On November 1, 2017 President Donald Trump called upon Congress to end the United States' diversity green card lotteryin response to a terror attack in New York City which left 8 people dead and 12 others seriously injured. The perpetrator, Sayfullo Saipov, 29, was identified as an immigrant from Uzbekistan who entered the United States in 2010 through the Diversity Visa Lottery Program. The Diversity Visa Lottery program is aimed at boosting immigration from countries which traditionally send fewer immigrants to the US. The program was created as a part of a bipartisan immigration effort in Congress in 1990 and signed into law by President George H.W. Bush. The program grants 50,000 green cards per yearto countries with low immigration rates to the United States, mainly from Africa and Eastern Europe.
President Trump stated, "This program grants visas not on a basis of merit, but simply because applicants are randomly selected in an annual lottery and the people put in that lottery are not that country's finest."
Trump argued that instead of the lottery, the United States should institute a "merit-based system" in which only those with valuable trade skills would be permitted to immigrate to the US. In August, he endorsed a bill introduced by two Republican senators which would streamline the merit-based system and cut legal immigration in half by 2027. The Reforming American Immigration for Strong Employment (RAISE) Act has been in the Senate Judiciary Committee since last February and similar legislation was introduced to the House Judiciary Committee in September.
However, the President has received backlash from experts in the immigration community.

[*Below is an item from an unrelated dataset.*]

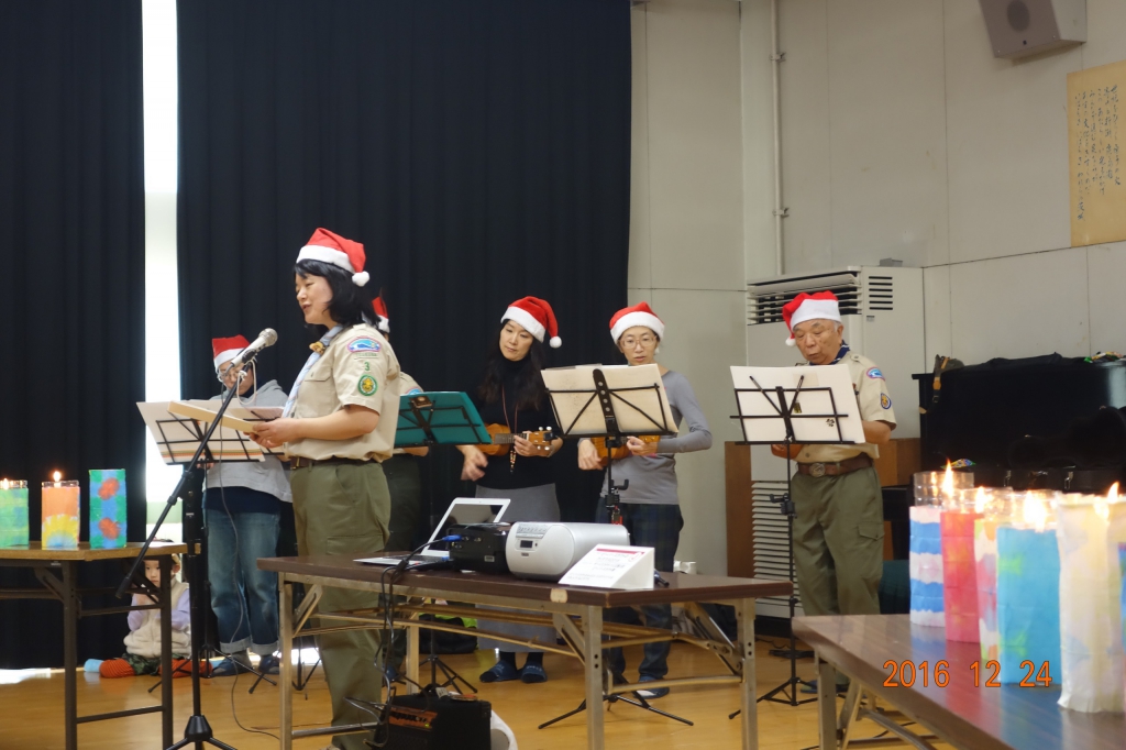そして第2部では、カブ隊と合同でクリスマスミニコンサートを楽しみました。
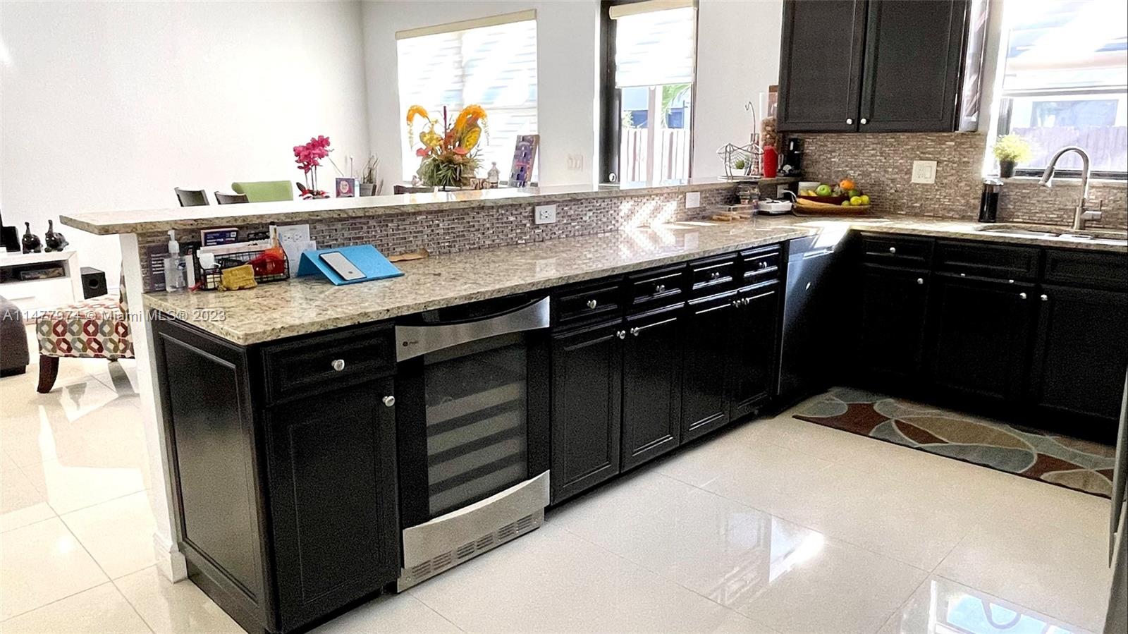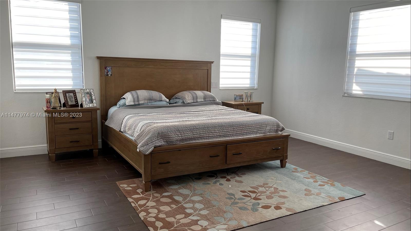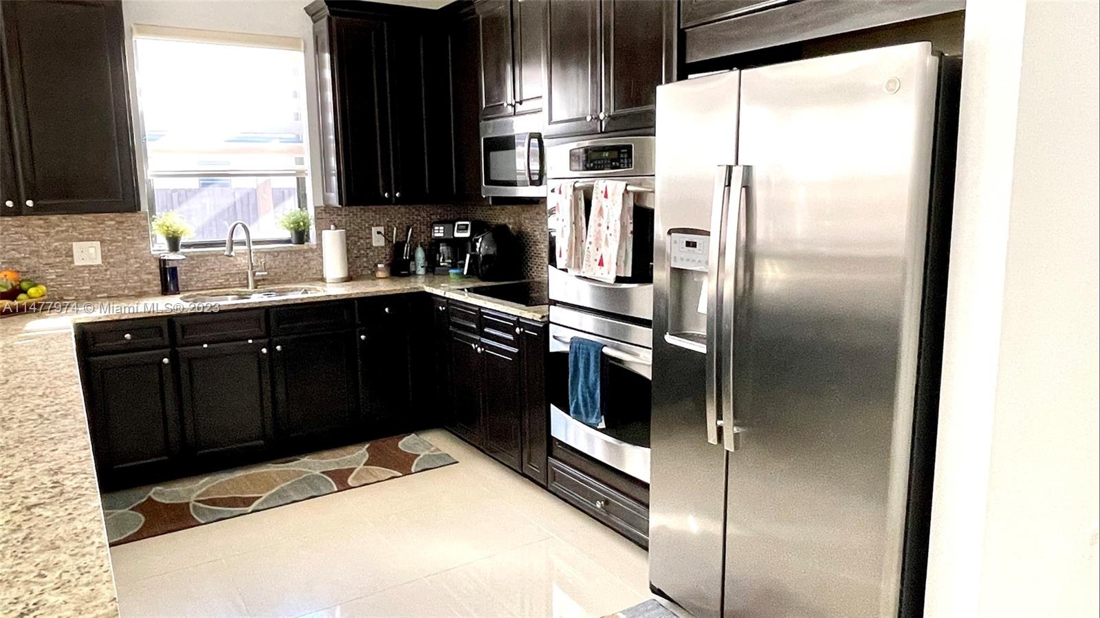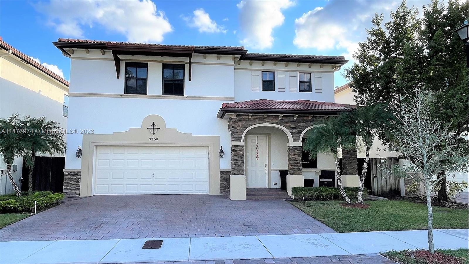 Welcome your family to this elegant and cozy 4-beds, 3.5 baths home in the family-oriented Grand Bay Presidential Estates, a top-three best-kept community in Doral. Experience spacious yet easy-to-maintain living, with a generous kitchen and family room, ss appliances, and granite countertops. Enjoy a formal dining area that can be transformed into a fifth bedroom, kids' playroom, or stunning home office. Porcelanato flooring and wood-style tiles on the upper level. The 5,000 Sqft lot provides a spacious terrace/patio with room for a pool. All beds are sizeable, with an indulgent Grand Master Suite. Delight in the tranquil sights and sounds of the lakefront porch's water fountain. 2 car covered garage, driveway parking for 5 vehicles, and abundant guest parking in the front.

In an interview with Associated Press, Fatina Abdrabboh, Director of the American Muslim Advocacy League, stated, "The ending of this program certainly, I think, would be a symbolic defeat and loss in terms of our standing, really, with the whole world."
Washington immigration attorney Kenneth Rinzler concurs with Trump in that the Diversity Visa Program has some deficiencies but argues that the problem is not the vetting of these individuals.
"It's not legitimate to use the recent terrorist attack to knock this program because they (applicants) have to go through the same vetting as everybody else," he says. Rinzler, like other professionals, believes that there are concerns about all green card vetting, therefore, it makes no sense to single out diversity visas.